**What needs to be done**. An exact reproduction of the records is required. Images must be left out.

**Source records**.
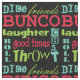 Fun and festive Bunco subway art typography novelty fabric. Background colour can be changed to fit your own colour design style. Text is done in blue, green and red. Bunco inspired graphic design features words associated with the game of Bunco. Dice, Friends, Bunco, Laughter, Roll, Good Times, and Throw. Make your own Bunco fabric accessories such as table cloth, napkins, tote bags and other fun crafting projects. Great for Bunco quilters!
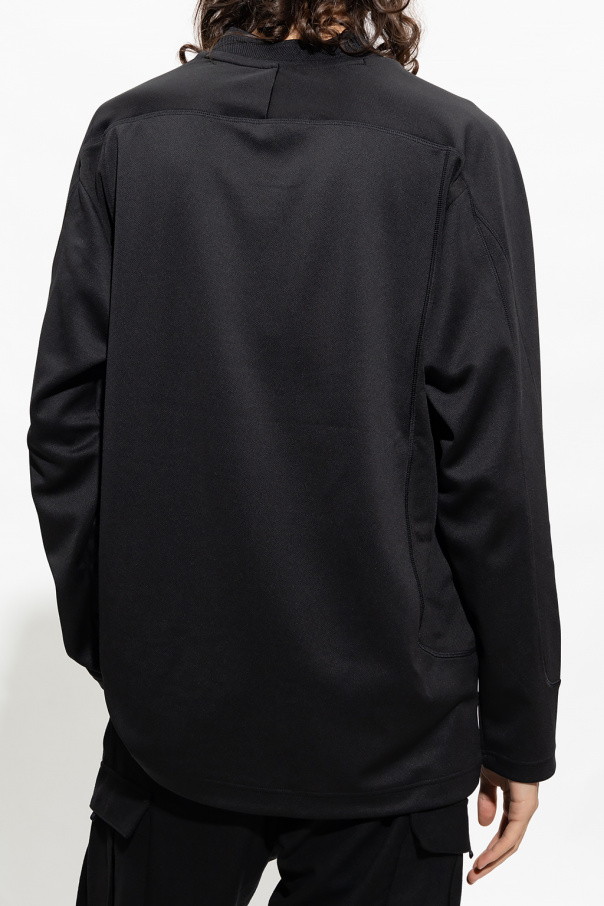 Black football-inspired V-neck T-shirt with a rubberized logo, patch and long sleeves from Y-3 Yohji Yamamoto. Model made partially from recycled materials recovered during the manufacturing process, such as scrap materials and household waste, to avoid the much greater environmental impact of raw material production.
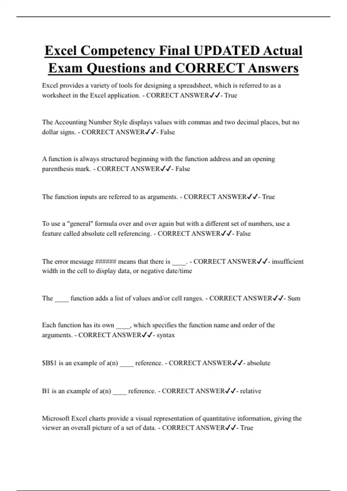 feature called absolute cell referencing. - CORRECT ANSWER✔✔- False
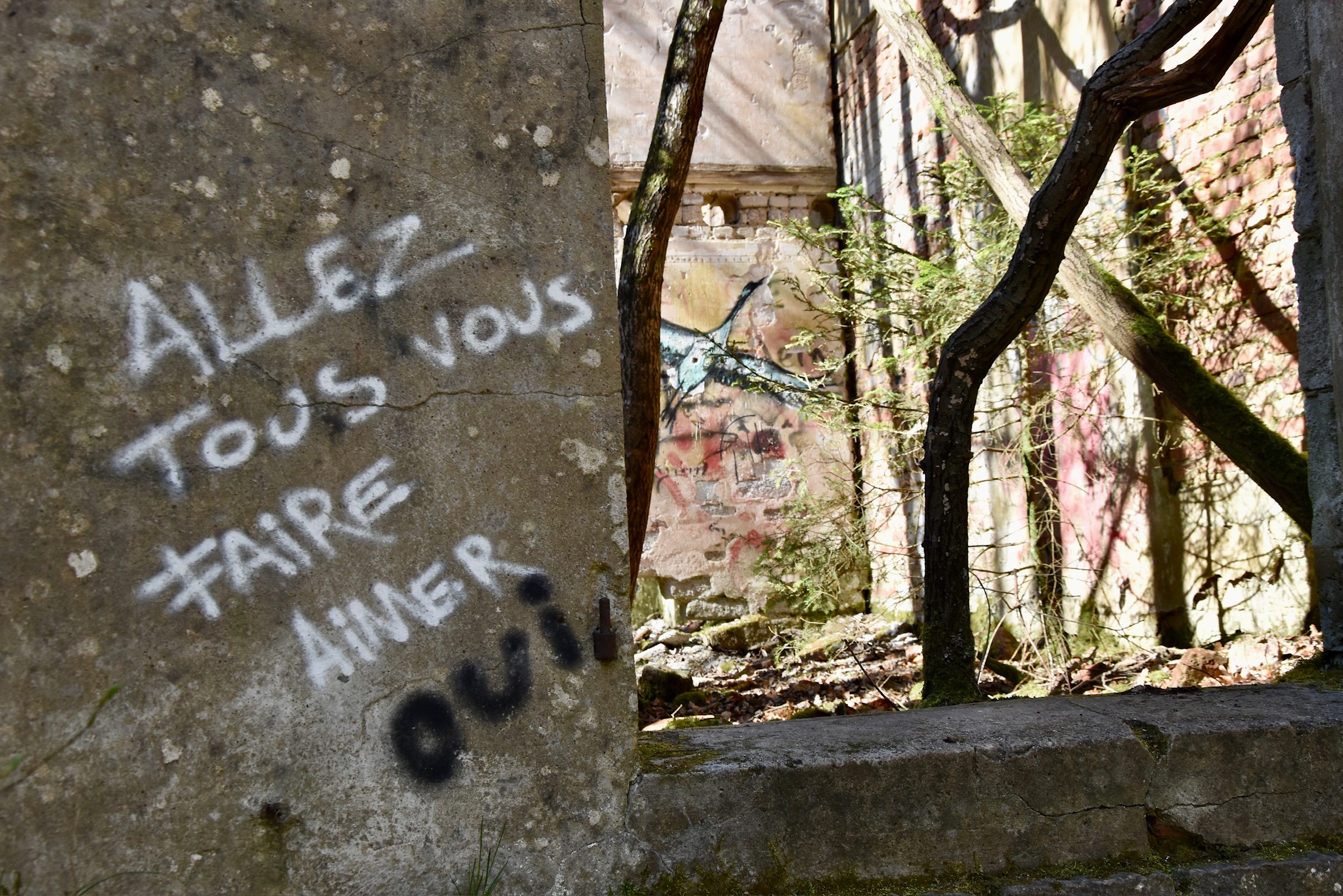 Hike it at any other time of the year and you’ll probably forever associate this “auto-pédestre” with ruins. I mean this in a good way: intermittently scattered throughout the entire length of the hike are edgy, graffiti-strewn abandoned buildings in various states of being reclaimed by nature. It is one of Luxembourg’s great charms that these lost places are not fenced off for safety reasons; you’re generally feel to wander into them and explore. Listen closely enough and you’ll hear the ghosts of the past intertwined with the abundant birdsong.
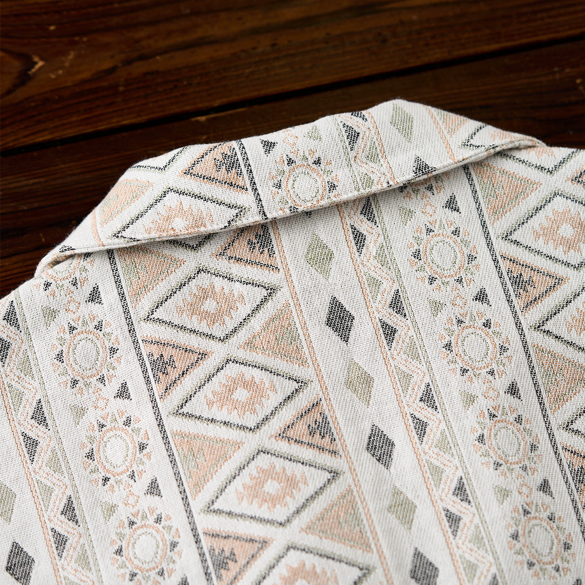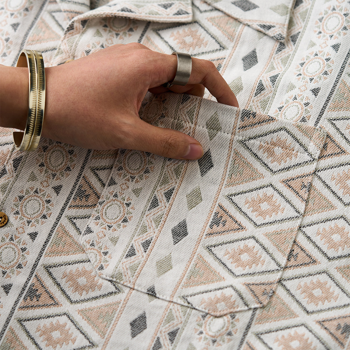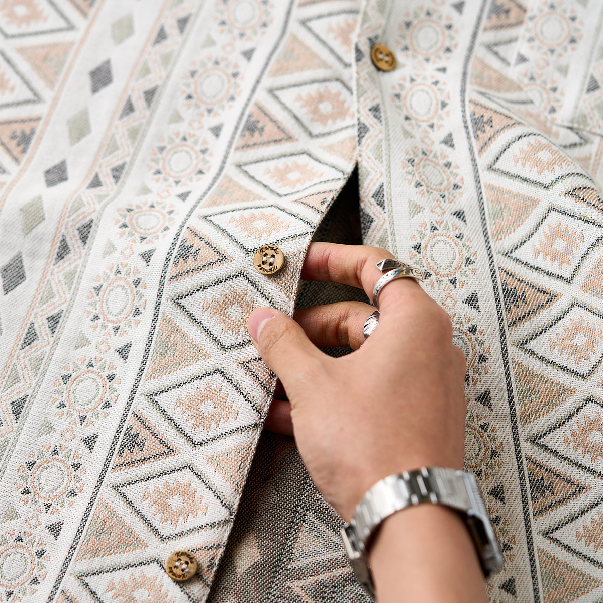 에스닉 패턴을 표현한 자카드 직조 원단을 사용해 조직감에서 오는 은은한 입체감이 고급스러운 분위기를 더해 준 셔츠입니다.
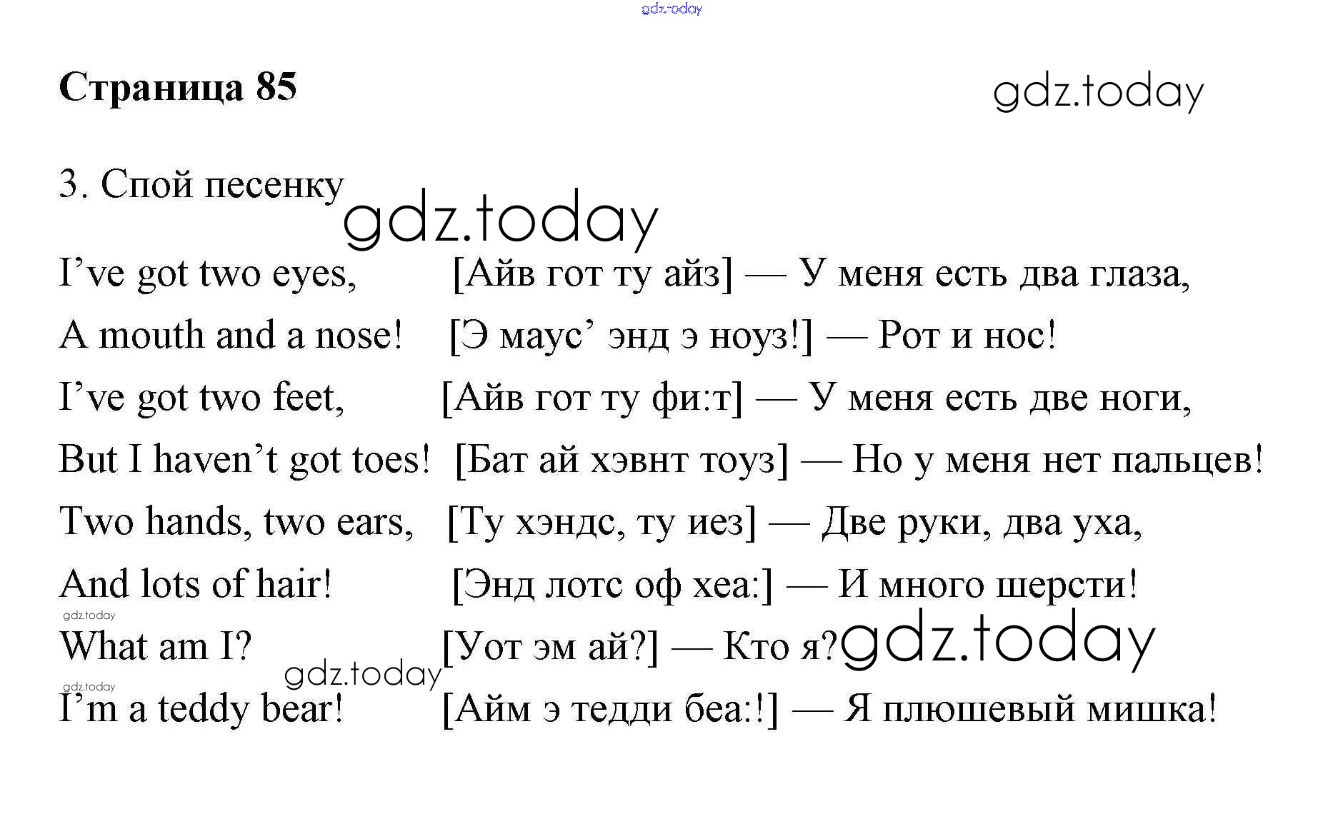 На страницах сайта gdz.today вы найдете учебный и вспомогательный материал, направленный на улучшения знаний школьной программы. ГДЗ - онлайн мир знаний Решение. Учебник 2017. Страницы 85 Учебнику по Английскому языку для 2 класса Быкова, Дули Просвещение, Просвещение Spotlight 2017, 2021
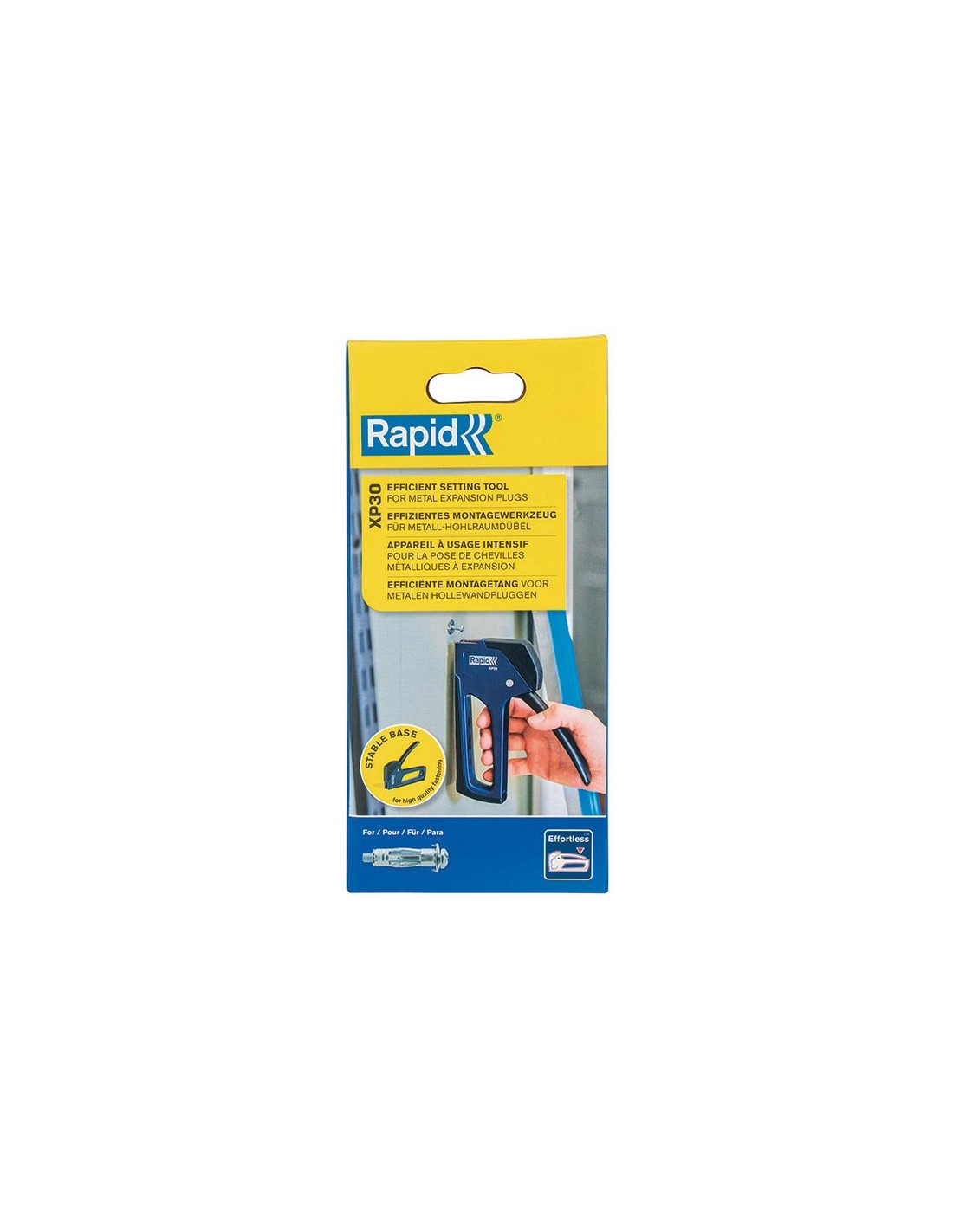 Clavadora fijacón Rapid yeso XP30 Para trabajos intensivos y exigentes de fijación en paredes de yeso huecas, la XP30 de Rapid cumple todos los requisitos. Basándonos en nuestra larga experiencia y en las características ergonómicas de las grapadoras Rapid, hemos diseñado la XP30 para que se ajuste a ras de la pared, creando una base sólida y estable sobre la que aplicar presión y expandir el taco. Esta característica ayuda a garantizar la correcta colocación del taco. La estabilidad mejora aún más gracias a la superficie. de goma antideslizante de la XP30, que también reduce el riesgo de dañar la pared. Ø8, Ø11 y Ø13.
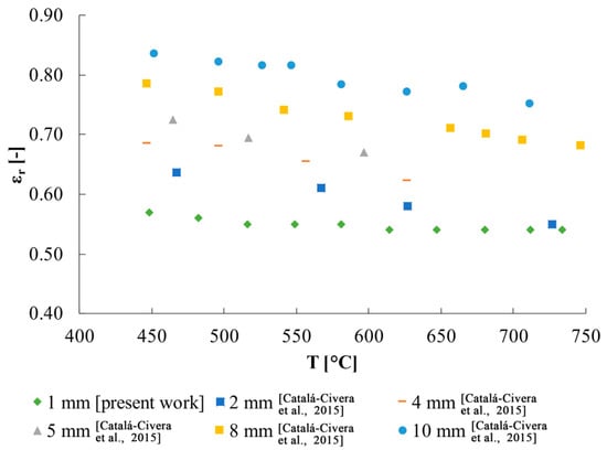 These results are in line with what is expected from literature. In fact, Petrov and Reznik [31] report a quartz relative emissivity of ≈0.64 at ≈700 K (i.e., ≈427 °C), decreasing until 0.41 at 1300 K (i.e., ≈1027 °C) if a thickness of 2 mm is considered. On another hand, with a thickness of 4 mm they obtained a relative emissivity of ≈0.69 at 700 K, decreasing until ≈0.458 at 1300 K. Assuming that the lower the thickness the lower the relative emissivity, the results of the present study are compatible with those reported by Petrov and Reznik (Figure 8). The slightly different slope of the emissivity found with the proposed approach might be due to the different composition of the quartz holder with respect to the quartz samples used by Petrov and Reznik [31].
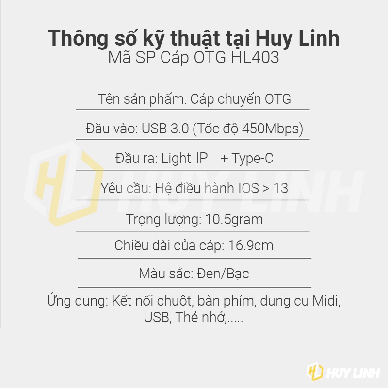 Điện Thoại & Phụ Kiện > Pin Gắn Trong, Cáp và Bộ Sạc > Cáp Sạc và đầu chuyển đổi > Cáp OTG cổng Táo, Type-C ra USB 3.0 dây dài 18cm HL403 dây vải bọc dù siêu bền

**Exercise answer**.
 Fun and festive Bunco subway art typography novelty fabric. Background colour can be changed to fit your own colour design style. Text is done in blue, green and red. Bunco inspired graphic design features words associated with the game of Bunco. Dice, Friends, Bunco, Laughter, Roll, Good Times, and Throw. Make your own Bunco fabric accessories such as table cloth, napkins, tote bags and other fun crafting projects. Great for Bunco quilters!
 Black football-inspired V-neck T-shirt with a rubberized logo, patch and long sleeves from Y-3 Yohji Yamamoto. Model made partially from recycled materials recovered during the manufacturing process, such as scrap materials and household waste, to avoid the much greater environmental impact of raw material production.
 feature called absolute cell referencing. - CORRECT ANSWER✔✔- False
 Hike it at any other time of the year and you’ll probably forever associate this “auto-pédestre” with ruins. I mean this in a good way: intermittently scattered throughout the entire length of the hike are edgy, graffiti-strewn abandoned buildings in various states of being reclaimed by nature. It is one of Luxembourg’s great charms that these lost places are not fenced off for safety reasons; you’re generally feel to wander into them and explore. Listen closely enough and you’ll hear the ghosts of the past intertwined with the abundant birdsong.
 에스닉 패턴을 표현한 자카드 직조 원단을 사용해 조직감에서 오는 은은한 입체감이 고급스러운 분위기를 더해 준 셔츠입니다.
 На страницах сайта gdz.today вы найдете учебный и вспомогательный материал, направленный на улучшения знаний школьной программы. ГДЗ - онлайн мир знаний Решение. Учебник 2017. Страницы 85 Учебнику по Английскому языку для 2 класса Быкова, Дули Просвещение, Просвещение Spotlight 2017, 2021
 Clavadora fijacón Rapid yeso XP30 Para trabajos intensivos y exigentes de fijación en paredes de yeso huecas, la XP30 de Rapid cumple todos los requisitos. Basándonos en nuestra larga experiencia y en las características ergonómicas de las grapadoras Rapid, hemos diseñado la XP30 para que se ajuste a ras de la pared, creando una base sólida y estable sobre la que aplicar presión y expandir el taco. Esta característica ayuda a garantizar la correcta colocación del taco. La estabilidad mejora aún más gracias a la superficie. de goma antideslizante de la XP30, que también reduce el riesgo de dañar la pared. Ø8, Ø11 y Ø13.
 These results are in line with what is expected from literature. In fact, Petrov and Reznik [31] report a quartz relative emissivity of ≈0.64 at ≈700 K (i.e., ≈427 °C), decreasing until 0.41 at 1300 K (i.e., ≈1027 °C) if a thickness of 2 mm is considered. On another hand, with a thickness of 4 mm they obtained a relative emissivity of ≈0.69 at 700 K, decreasing until ≈0.458 at 1300 K. Assuming that the lower the thickness the lower the relative emissivity, the results of the present study are compatible with those reported by Petrov and Reznik (Figure 8). The slightly different slope of the emissivity found with the proposed approach might be due to the different composition of the quartz holder with respect to the quartz samples used by Petrov and Reznik [31].
 Điện Thoại & Phụ Kiện > Pin Gắn Trong, Cáp và Bộ Sạc > Cáp Sạc và đầu chuyển đổi > Cáp OTG cổng Táo, Type-C ra USB 3.0 dây dài 18cm HL403 dây vải bọc dù siêu bền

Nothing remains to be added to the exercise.